If Docker is not available, you may need to install Docker Desktop or start the Docker daemon.

postgres_test_harness

The postgres_test_harness context manager (found in mc_postgres_db.testing.utilities) creates a temporary PostgreSQL database using Docker, initializes all ORM models, and updates the Prefect secret that stores the database URL. This ensures that all Prefect tasks which retrieve the database engine (both sync and async) will use this temporary PostgreSQL database during your tests, without requiring any patching or changes to task code.

Key benefits:

• No need to change or mock every Prefect flow or task that uses the database engine.
• All Prefect tasks that call get_engine (sync or async) will automatically use the temporary PostgreSQL database.
• The database is created fresh for each test session or function (depending on fixture scope), ensuring isolation and repeatability.
• Uses ephemeral storage (no volume mounting) for complete isolation between test runs.
• Comprehensive safety checks to prevent accidental connection to production databases.
• At the end of the test, the Docker container and all tables are cleaned up.

Safety Features:

• Validates that the database connection is to localhost only
• Ensures the database uses test credentials (testuser/testpass/testdb)
• Checks database size to prevent accidental connection to production databases
• Verifies Docker container environment variables match expected test configuration

Configuration:

• PostgreSQL version can be controlled via the POSTGRES_VERSION environment variable (defaults to latest)
• Test database uses ephemeral storage for complete isolation
• Automatic port selection to avoid conflicts

Usage with Pytest

You can use the harness as a fixture in your tests. For example:

import pytest
from mc_postgres_db.testing.utilities import postgres_test_harness

@pytest.fixture(scope="function", autouse=True)
def postgres_harness():
    with postgres_test_harness():
        yield

def test_my_flow():
    # Any Prefect task that calls get_engine() will use the PostgreSQL test DB
    ...

If you are also testing Prefect flows, the postgres harness will already use Prefect's harness to ensure isolation:

import pytest
from mc_postgres_db.testing.utilities import postgres_test_harness

@pytest.fixture(scope="session", autouse=True)
def postgres_harness():
    with postgres_test_harness(prefect_server_startup_timeout=45):
        yield

Now, all your tests (including those that run Prefect flows) will use the temporary PostgreSQL database, and you don't need to modify your flows or tasks to support testing.

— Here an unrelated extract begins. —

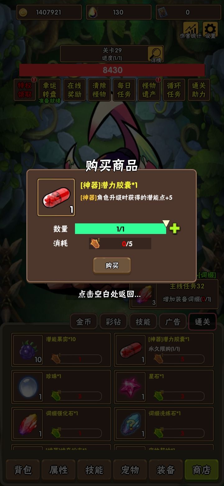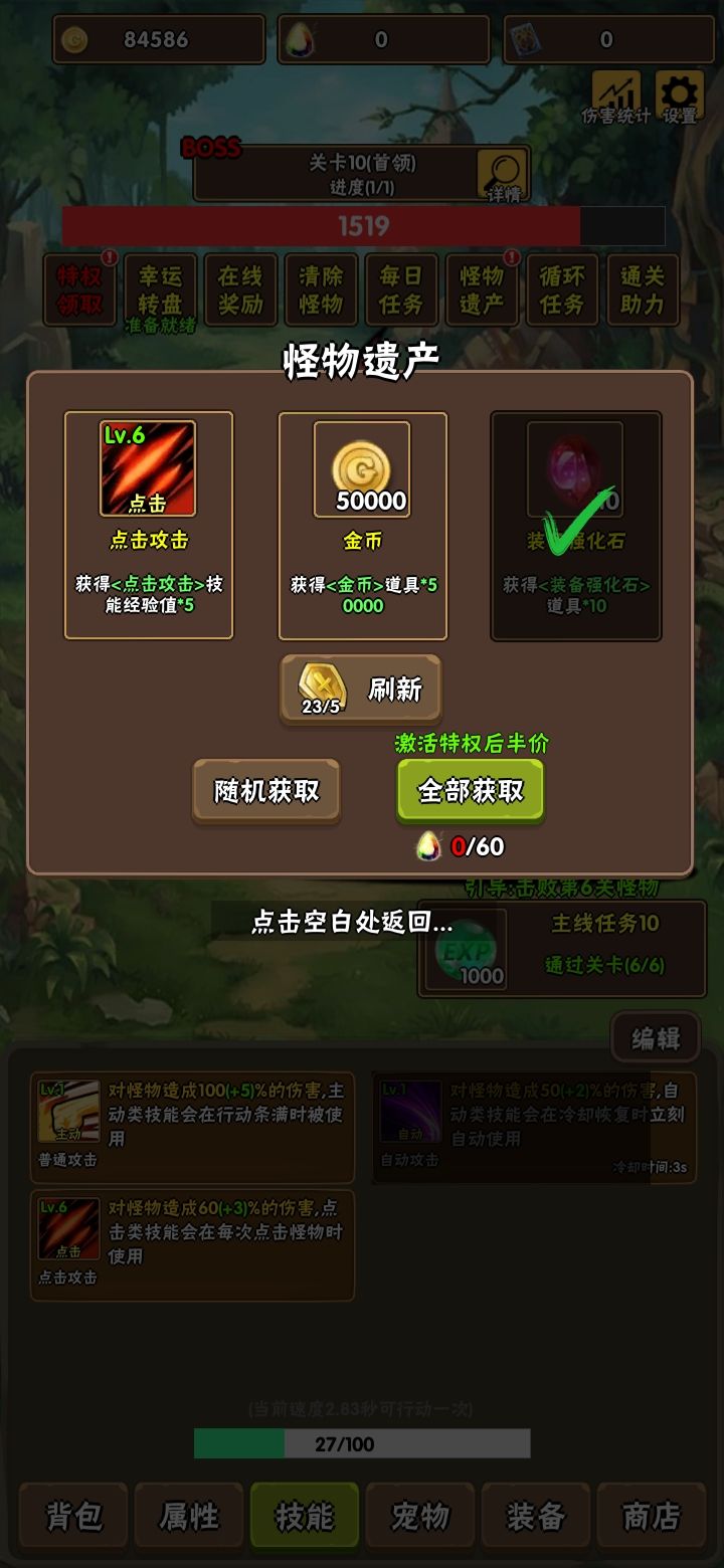 然后技能选择方面彩钻的几个技能都挺猛的,但是后面升级比较难,需要从技能商店里面通用抽,但是前期买带上都加成很高,我就把属性挂上去,怎么选择看自己
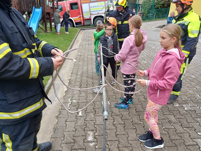 Po uspešno izvedeni evakuaciji so gasilci za učence pripravili še dodatne aktivnosti. Tako so se lahko preizkusili pri vezanju vozlov, gašenju »požara« in plezanju po lestvi. Pokazali so jim tudi svoje vozilo in povedali, čemu služijo vsi pripomočki, ki jih gasilci uporabljajo pri svojem delu. Vaja nam je pokazala, kako pomembno je znanje pravilnega ukrepanja ob izrednih razmerah, s tem pa smo dobili dragocene izkušnje.

Additional Testing Utilities

The package also provides a clear_database function for manually clearing test databases:

from mc_postgres_db.testing.utilities import clear_database
from sqlalchemy import create_engine

# Clear a test database (with safety checks)
engine = create_engine("postgresql://testuser:testpass@localhost:5432/testdb")
clear_database(engine)  # Drops and recreates all tables

Note: The clear_database function includes comprehensive safety checks to prevent accidental clearing of production databases.

Contributing

This is a personal project, but suggestions and improvements are welcome:

1. Fork the repository
2. Create a feature branch
3. Make your changes with tests
4. Submit a pull request

License

This project is for personal use and learning purposes.

Disclaimer

This software is for educational and personal use only. It is not intended for production trading or investment advice. Use at your own risk.